• [Task inputs]
⟨

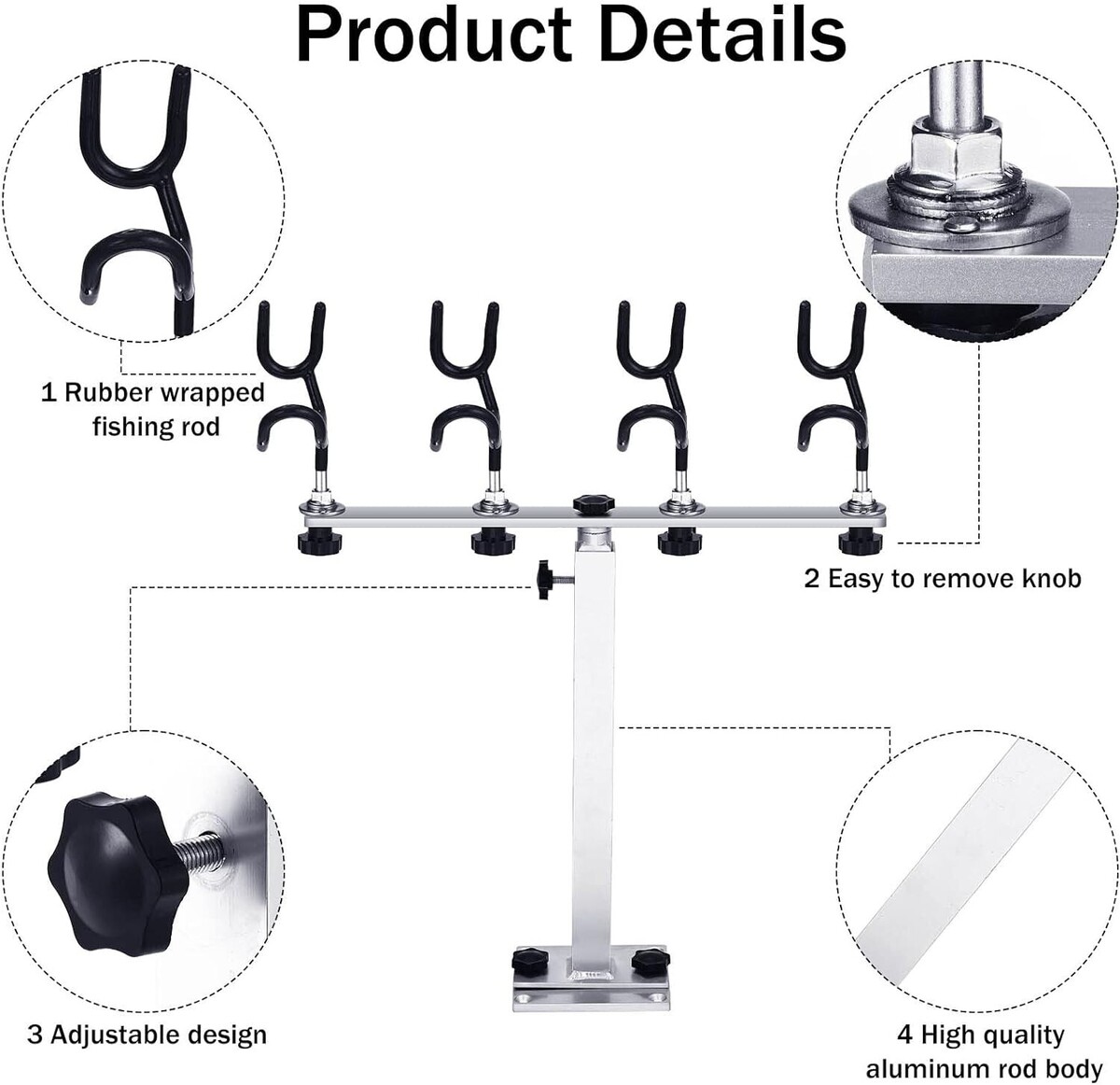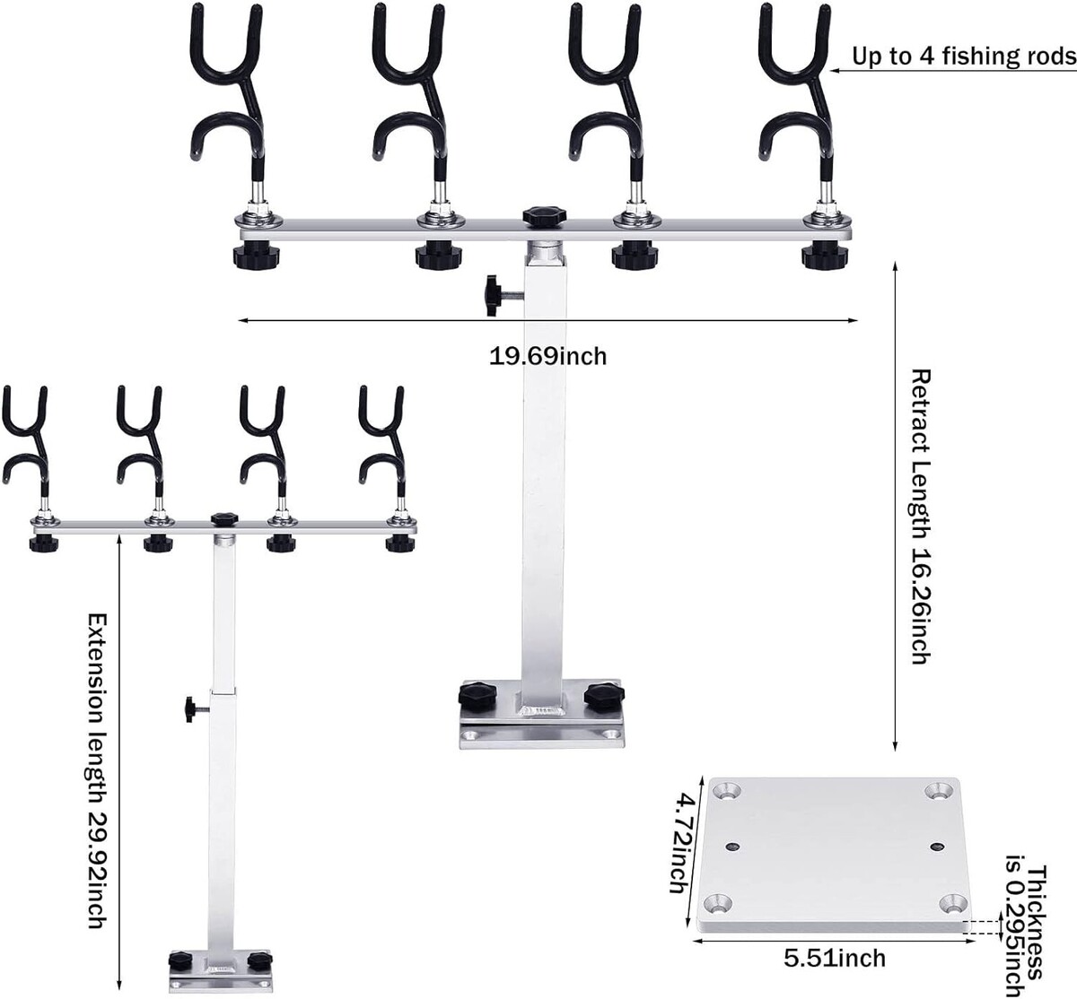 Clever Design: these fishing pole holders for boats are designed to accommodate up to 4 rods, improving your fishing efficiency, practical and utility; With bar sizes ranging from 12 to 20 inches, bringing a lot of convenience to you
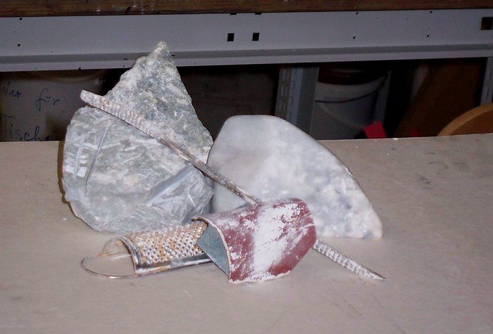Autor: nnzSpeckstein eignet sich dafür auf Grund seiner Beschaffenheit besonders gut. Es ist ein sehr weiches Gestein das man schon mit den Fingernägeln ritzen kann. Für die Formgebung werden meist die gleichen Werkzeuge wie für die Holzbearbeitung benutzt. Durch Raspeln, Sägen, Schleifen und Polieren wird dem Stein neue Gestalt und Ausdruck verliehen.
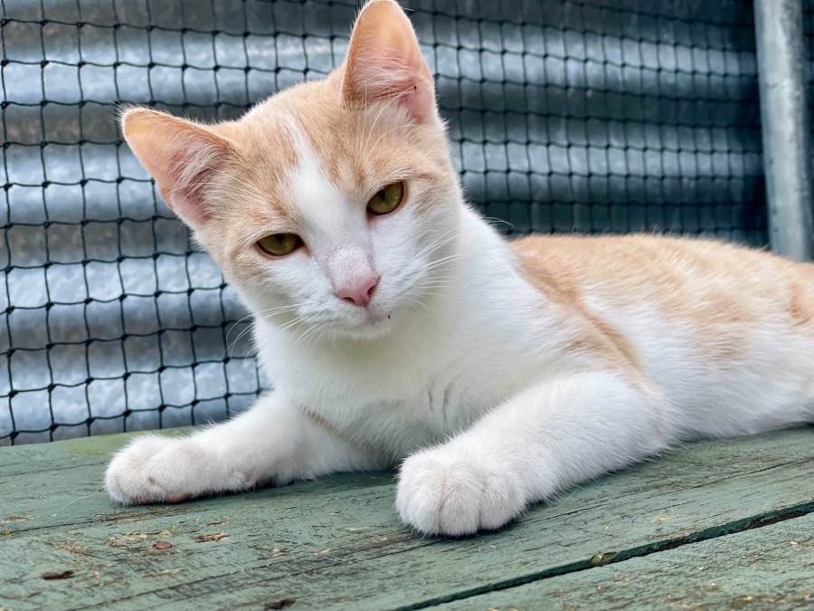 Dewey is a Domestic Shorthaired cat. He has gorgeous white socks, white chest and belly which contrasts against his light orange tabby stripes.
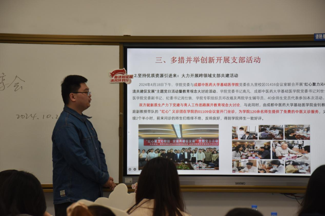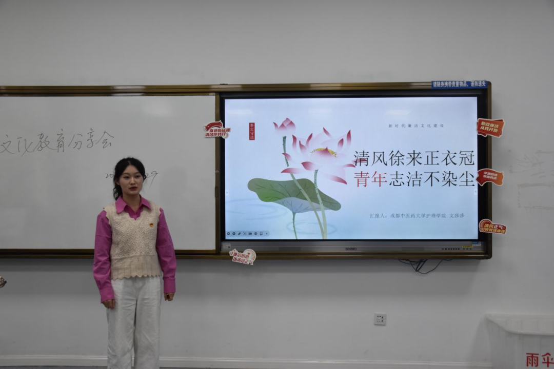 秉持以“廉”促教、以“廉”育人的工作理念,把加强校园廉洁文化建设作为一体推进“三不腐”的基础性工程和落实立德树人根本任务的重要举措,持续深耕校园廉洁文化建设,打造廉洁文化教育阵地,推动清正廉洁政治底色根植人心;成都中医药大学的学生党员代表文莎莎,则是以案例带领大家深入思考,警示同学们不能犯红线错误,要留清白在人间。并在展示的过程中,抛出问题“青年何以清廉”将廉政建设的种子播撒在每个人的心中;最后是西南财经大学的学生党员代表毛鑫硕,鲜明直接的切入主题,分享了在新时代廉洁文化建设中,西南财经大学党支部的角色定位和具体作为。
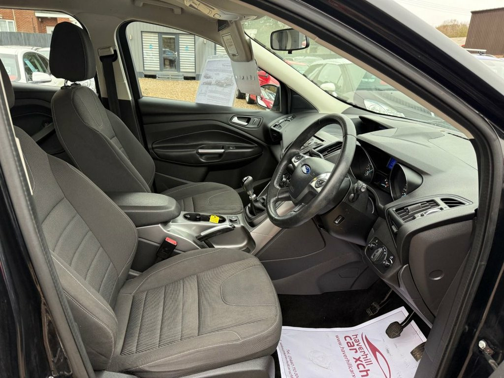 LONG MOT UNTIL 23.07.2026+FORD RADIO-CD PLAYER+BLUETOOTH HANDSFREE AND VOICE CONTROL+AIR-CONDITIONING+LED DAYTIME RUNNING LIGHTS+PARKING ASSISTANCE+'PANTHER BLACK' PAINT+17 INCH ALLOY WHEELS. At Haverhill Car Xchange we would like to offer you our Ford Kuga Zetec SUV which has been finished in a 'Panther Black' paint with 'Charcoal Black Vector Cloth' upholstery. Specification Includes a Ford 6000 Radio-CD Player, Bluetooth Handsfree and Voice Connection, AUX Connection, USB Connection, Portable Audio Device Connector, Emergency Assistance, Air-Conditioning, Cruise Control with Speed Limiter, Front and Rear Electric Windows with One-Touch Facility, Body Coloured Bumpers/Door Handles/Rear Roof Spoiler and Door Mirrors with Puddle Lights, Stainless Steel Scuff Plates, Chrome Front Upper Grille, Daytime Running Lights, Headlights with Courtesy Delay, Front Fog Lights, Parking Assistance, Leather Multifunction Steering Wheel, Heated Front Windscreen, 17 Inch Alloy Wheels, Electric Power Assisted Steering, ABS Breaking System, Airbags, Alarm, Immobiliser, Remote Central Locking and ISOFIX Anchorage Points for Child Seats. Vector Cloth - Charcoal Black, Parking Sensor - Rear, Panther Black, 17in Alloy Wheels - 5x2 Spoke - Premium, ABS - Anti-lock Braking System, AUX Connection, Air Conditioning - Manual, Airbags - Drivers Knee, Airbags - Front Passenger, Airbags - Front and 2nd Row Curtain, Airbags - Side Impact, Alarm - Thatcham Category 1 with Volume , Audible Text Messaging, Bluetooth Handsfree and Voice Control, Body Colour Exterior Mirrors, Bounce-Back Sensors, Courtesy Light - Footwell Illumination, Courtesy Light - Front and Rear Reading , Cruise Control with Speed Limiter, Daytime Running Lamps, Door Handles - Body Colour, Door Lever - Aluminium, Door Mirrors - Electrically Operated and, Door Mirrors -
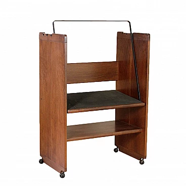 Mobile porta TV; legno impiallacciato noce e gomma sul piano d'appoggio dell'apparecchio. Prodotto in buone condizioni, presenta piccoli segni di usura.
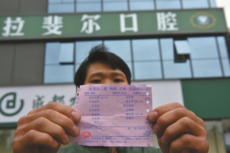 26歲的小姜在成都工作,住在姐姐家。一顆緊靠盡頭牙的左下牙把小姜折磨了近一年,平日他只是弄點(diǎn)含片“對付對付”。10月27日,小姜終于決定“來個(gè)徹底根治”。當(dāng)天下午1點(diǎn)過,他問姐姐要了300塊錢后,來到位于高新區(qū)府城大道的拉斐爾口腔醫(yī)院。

⟩

• [Task to complete]
What is needed is an exact repetition of every entry, without the pictures.

• [Problem solution]
 Clever Design: these fishing pole holders for boats are designed to accommodate up to 4 rods, improving your fishing efficiency, practical and utility; With bar sizes ranging from 12 to 20 inches, bringing a lot of convenience to you
Autor: nnzSpeckstein eignet sich dafür auf Grund seiner Beschaffenheit besonders gut. Es ist ein sehr weiches Gestein das man schon mit den Fingernägeln ritzen kann. Für die Formgebung werden meist die gleichen Werkzeuge wie für die Holzbearbeitung benutzt. Durch Raspeln, Sägen, Schleifen und Polieren wird dem Stein neue Gestalt und Ausdruck verliehen.
 Dewey is a Domestic Shorthaired cat. He has gorgeous white socks, white chest and belly which contrasts against his light orange tabby stripes.
 秉持以“廉”促教、以“廉”育人的工作理念,把加强校园廉洁文化建设作为一体推进“三不腐”的基础性工程和落实立德树人根本任务的重要举措,持续深耕校园廉洁文化建设,打造廉洁文化教育阵地,推动清正廉洁政治底色根植人心;成都中医药大学的学生党员代表文莎莎,则是以案例带领大家深入思考,警示同学们不能犯红线错误,要留清白在人间。并在展示的过程中,抛出问题“青年何以清廉”将廉政建设的种子播撒在每个人的心中;最后是西南财经大学的学生党员代表毛鑫硕,鲜明直接的切入主题,分享了在新时代廉洁文化建设中,西南财经大学党支部的角色定位和具体作为。
 LONG MOT UNTIL 23.07.2026+FORD RADIO-CD PLAYER+BLUETOOTH HANDSFREE AND VOICE CONTROL+AIR-CONDITIONING+LED DAYTIME RUNNING LIGHTS+PARKING ASSISTANCE+'PANTHER BLACK' PAINT+17 INCH ALLOY WHEELS. At Haverhill Car Xchange we would like to offer you our Ford Kuga Zetec SUV which has been finished in a 'Panther Black' paint with 'Charcoal Black Vector Cloth' upholstery. Specification Includes a Ford 6000 Radio-CD Player, Bluetooth Handsfree and Voice Connection, AUX Connection, USB Connection, Portable Audio Device Connector, Emergency Assistance, Air-Conditioning, Cruise Control with Speed Limiter, Front and Rear Electric Windows with One-Touch Facility, Body Coloured Bumpers/Door Handles/Rear Roof Spoiler and Door Mirrors with Puddle Lights, Stainless Steel Scuff Plates, Chrome Front Upper Grille, Daytime Running Lights, Headlights with Courtesy Delay, Front Fog Lights, Parking Assistance, Leather Multifunction Steering Wheel, Heated Front Windscreen, 17 Inch Alloy Wheels, Electric Power Assisted Steering, ABS Breaking System, Airbags, Alarm, Immobiliser, Remote Central Locking and ISOFIX Anchorage Points for Child Seats. Vector Cloth - Charcoal Black, Parking Sensor - Rear, Panther Black, 17in Alloy Wheels - 5x2 Spoke - Premium, ABS - Anti-lock Braking System, AUX Connection, Air Conditioning - Manual, Airbags - Drivers Knee, Airbags - Front Passenger, Airbags - Front and 2nd Row Curtain, Airbags - Side Impact, Alarm - Thatcham Category 1 with Volume , Audible Text Messaging, Bluetooth Handsfree and Voice Control, Body Colour Exterior Mirrors, Bounce-Back Sensors, Courtesy Light - Footwell Illumination, Courtesy Light - Front and Rear Reading , Cruise Control with Speed Limiter, Daytime Running Lamps, Door Handles - Body Colour, Door Lever - Aluminium, Door Mirrors - Electrically Operated and, Door Mirrors -
 Mobile porta TV; legno impiallacciato noce e gomma sul piano d'appoggio dell'apparecchio. Prodotto in buone condizioni, presenta piccoli segni di usura.
 26歲的小姜在成都工作,住在姐姐家。一顆緊靠盡頭牙的左下牙把小姜折磨了近一年,平日他只是弄點(diǎn)含片“對付對付”。10月27日,小姜終于決定“來個(gè)徹底根治”。當(dāng)天下午1點(diǎn)過,他問姐姐要了300塊錢后,來到位于高新區(qū)府城大道的拉斐爾口腔醫(yī)院。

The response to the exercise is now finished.